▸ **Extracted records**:
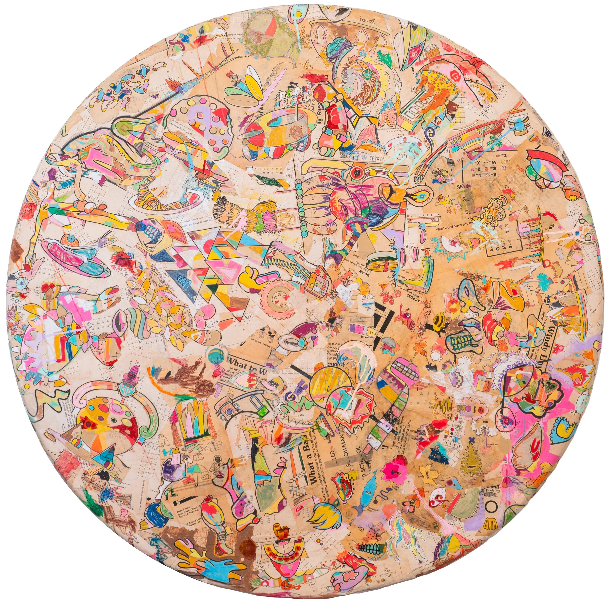 HARD BELOW | Shield 2 (2024) 4 ft. diameter // mixed media on mounted rotating support [temporary tattoos, coloring books, acrylic paint, crayon, pastel, pencil, marker]
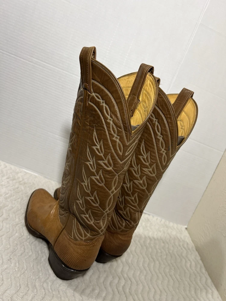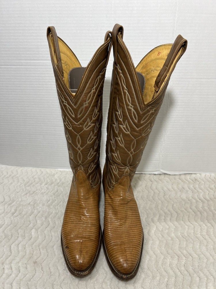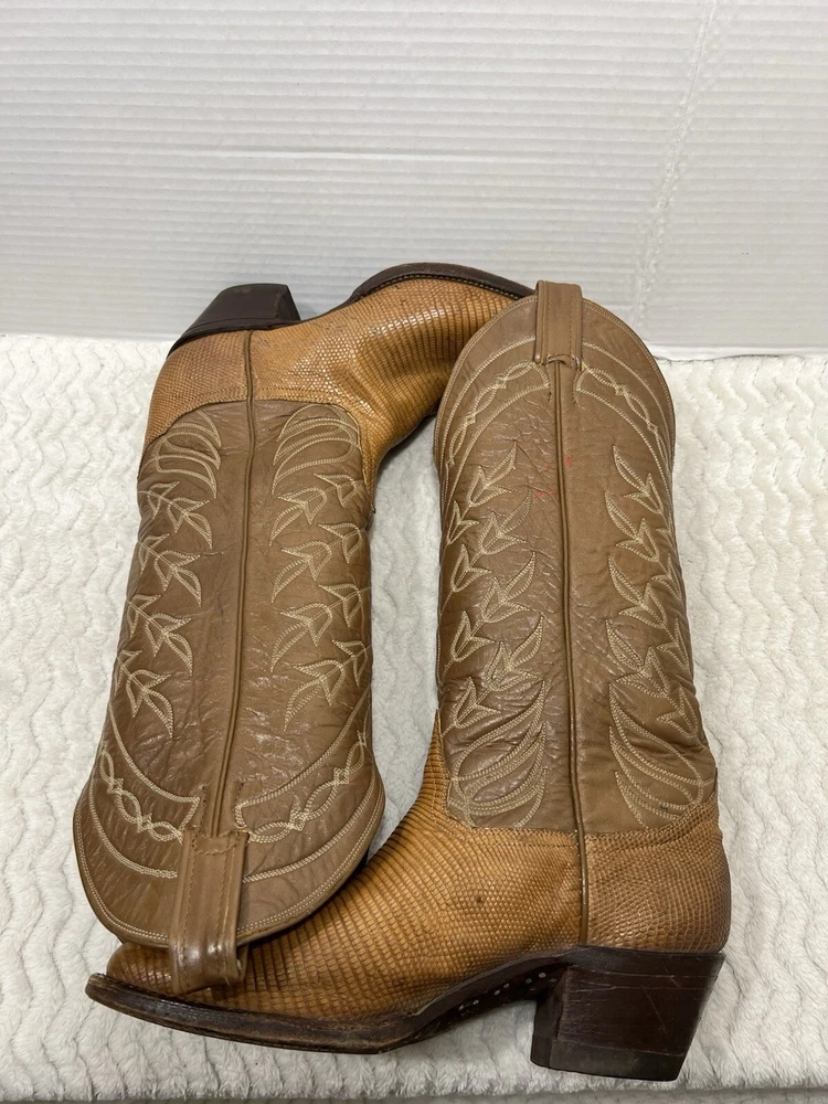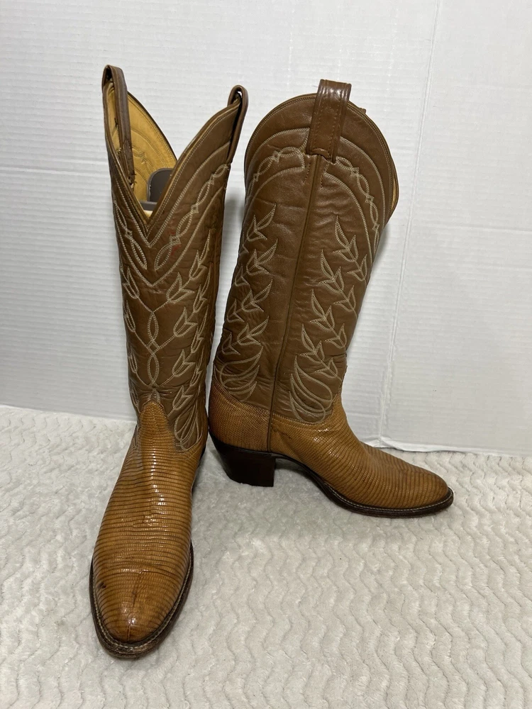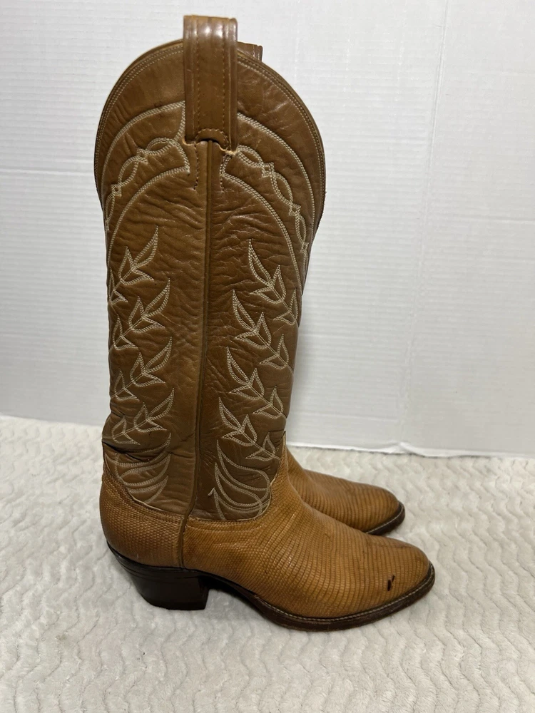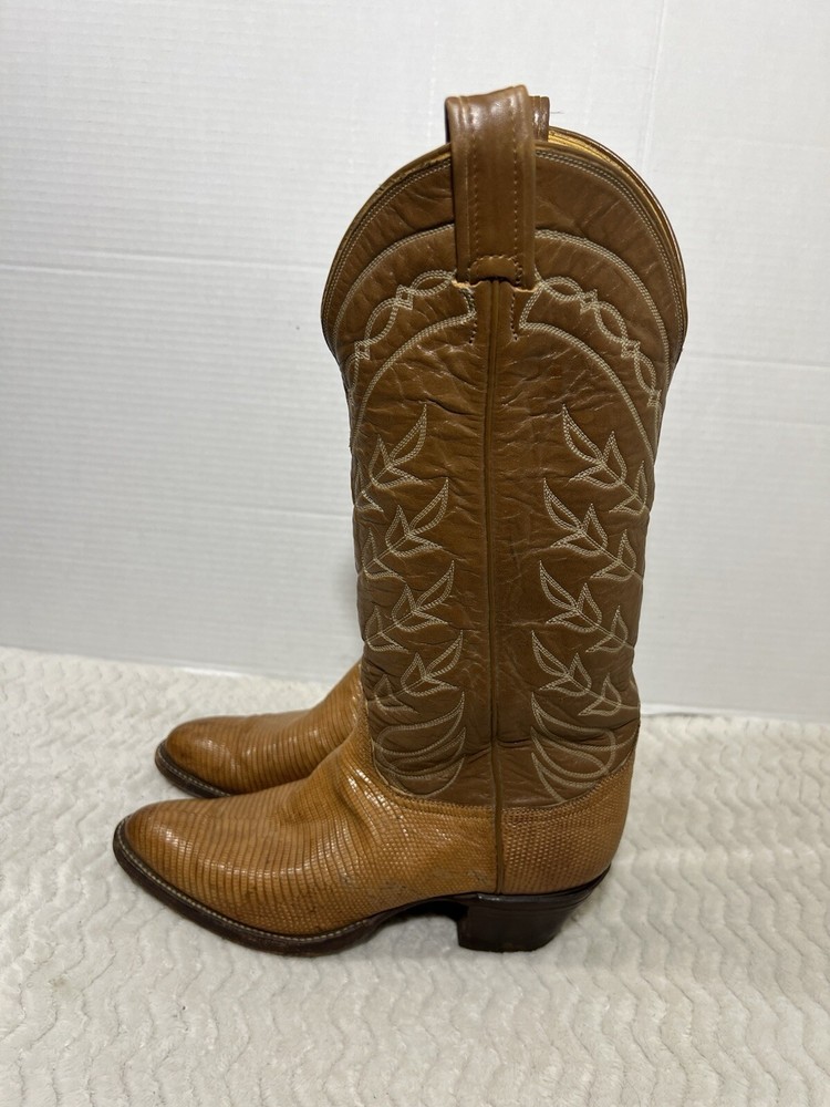 Tony Lama Women’s Size 6B Brown Leather Lizard Western Cowgirl Boots. Boot is in used condition and has signs of wear but boot is still in great condition. Upper leather is in great condition and clean , inside is clean and the soles are in great condition. Nice comfortable cowgirl boots for casual wear. Condition is pre-owned. Shipped with usps priority mail. Sold as pictures. Thank you! Feel free to message me for any questions. Thank you
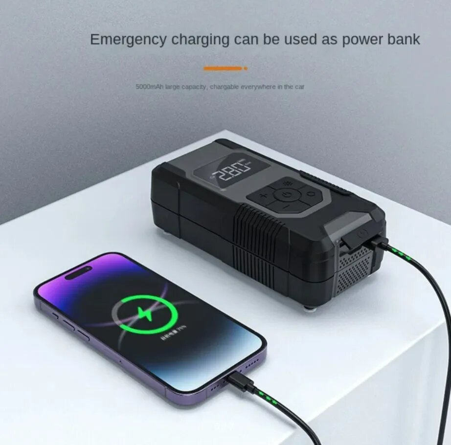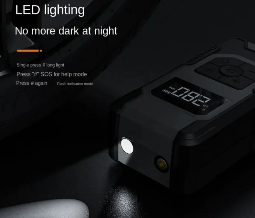 Компрессор автомобильный, портативный, насос для авто, фонарь, powerbank интересное:
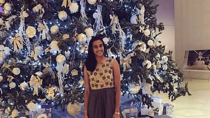 PV Sindhu wished her fans posing in front of this giant Christmas tree.
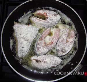 Далее берем сковородку и ставим ее на огонь. Сковороду нужно сильно разогреть, положить масло, а потом уже рыбу. Масла нужно столько, чтобы рыба была погружена в него наполовину. Пугаться такого количества масла не стоит – рыба лишнее в себя не впитает, зато покроется вкусной корочкой и равномерно прожарится.
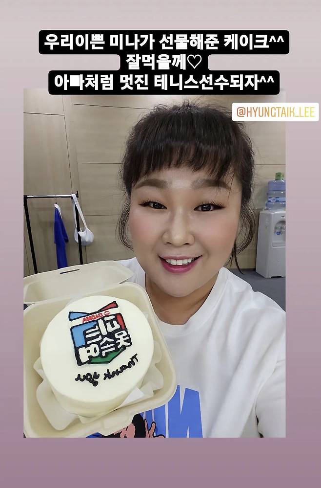 김민경은 지난 26일 자신의 인스타그램 스토리에 "우리 이쁜 미나가 선물해 준 케이크..잘 먹을게. 아빠처럼 멋진 테니스 선수 되자^^"라는 글과 케이크 인증 사진으로 근황을 전했다.
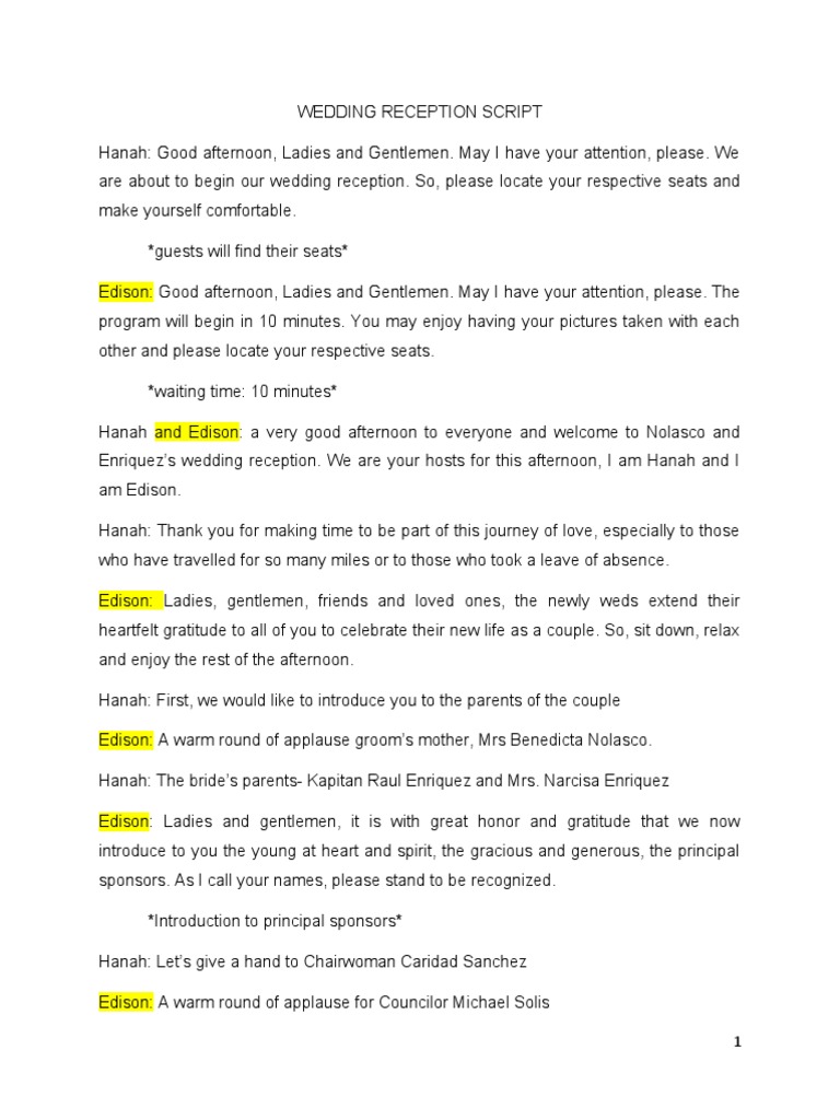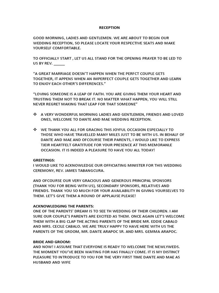 Sample emcee script for wedding reception - paytolf

▸ **TASK INSTRUCTIONS**:
Nothing but the lines from the line with "Далее берем сковородку" through the last line of the data above should be printed, exactly as written and without pictures.

▸ **REPLY TO THE TASK**:
 Далее берем сковородку и ставим ее на огонь. Сковороду нужно сильно разогреть, положить масло, а потом уже рыбу. Масла нужно столько, чтобы рыба была погружена в него наполовину. Пугаться такого количества масла не стоит – рыба лишнее в себя не впитает, зато покроется вкусной корочкой и равномерно прожарится.
 김민경은 지난 26일 자신의 인스타그램 스토리에 "우리 이쁜 미나가 선물해 준 케이크..잘 먹을게. 아빠처럼 멋진 테니스 선수 되자^^"라는 글과 케이크 인증 사진으로 근황을 전했다.
 Sample emcee script for wedding reception - paytolf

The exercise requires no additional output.